By Karen Davis, PhD, President, United Poultry Concerns

New York Times columnist Mark Bittman has launched The Bittman Project, “where we’re cultivating a ‘Food is everything’ community to help each other become better cooks and eaters.” Here’s an example of “Eat it to stay healthy” posted on August 10:

Stop Eating Chicken Soup When You're Sick!

While the project includes vegan recipes along with the animal-based recipes, it exemplifies the result of focusing only on food and opposing only “factory farming.” The animals are absorbed into the food fetish rhetoric – “our cooking feeds your soul” – just as they are absorbed into the dishes that feature them and their eggs and milk products.

While I hate giving Bittman the publicity, I think he needs to hear from us “compassionate cuisine” people. And animal advocates need to understand that Bittman is no real friend of the animals. All he has ever claimed, in a cavalier fashion, is opposition to “factory farming.”

You can politely send Mark Bittman your thoughts and concerns here: bittman@markbittman.com.

 

This Excerpt from my article Disengaged Journalism & The Disparagement & Disappearance of Animals looks at Mark Bittman.

A type of disengagement that is shown by some journalists covering disclosures of farmed animal abuse is to acknowledge, but then sabotage, the evidence by pitting the disclosure against another atrocity in a way that diminishes the significance of the one being discussed.

While many animal advocates feel that The New York Times op-ed columnists Mark Bittman and Nicholas Kristof are doing farmed animals a favor in their coverage of exposures of farmed animal abuse, I’m skeptical.

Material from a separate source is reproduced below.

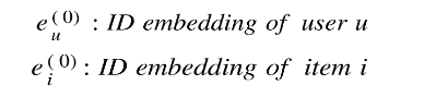 처음에 각 user와 item은 ID embedding과 연결되어있는데, 아래와 같이 정의해보자.

This is because the attitude of both columnists toward the information they present is shallow, hedonistic, and presented in a way that undercuts the emotional impact of animal suffering, encouraging readers to focus instead on the fact that “we” love eating animals regardless of how they are treated, and that if you, dear reader, are troubled by the cruelty, try to reduce your consumption of “factory farmed” products.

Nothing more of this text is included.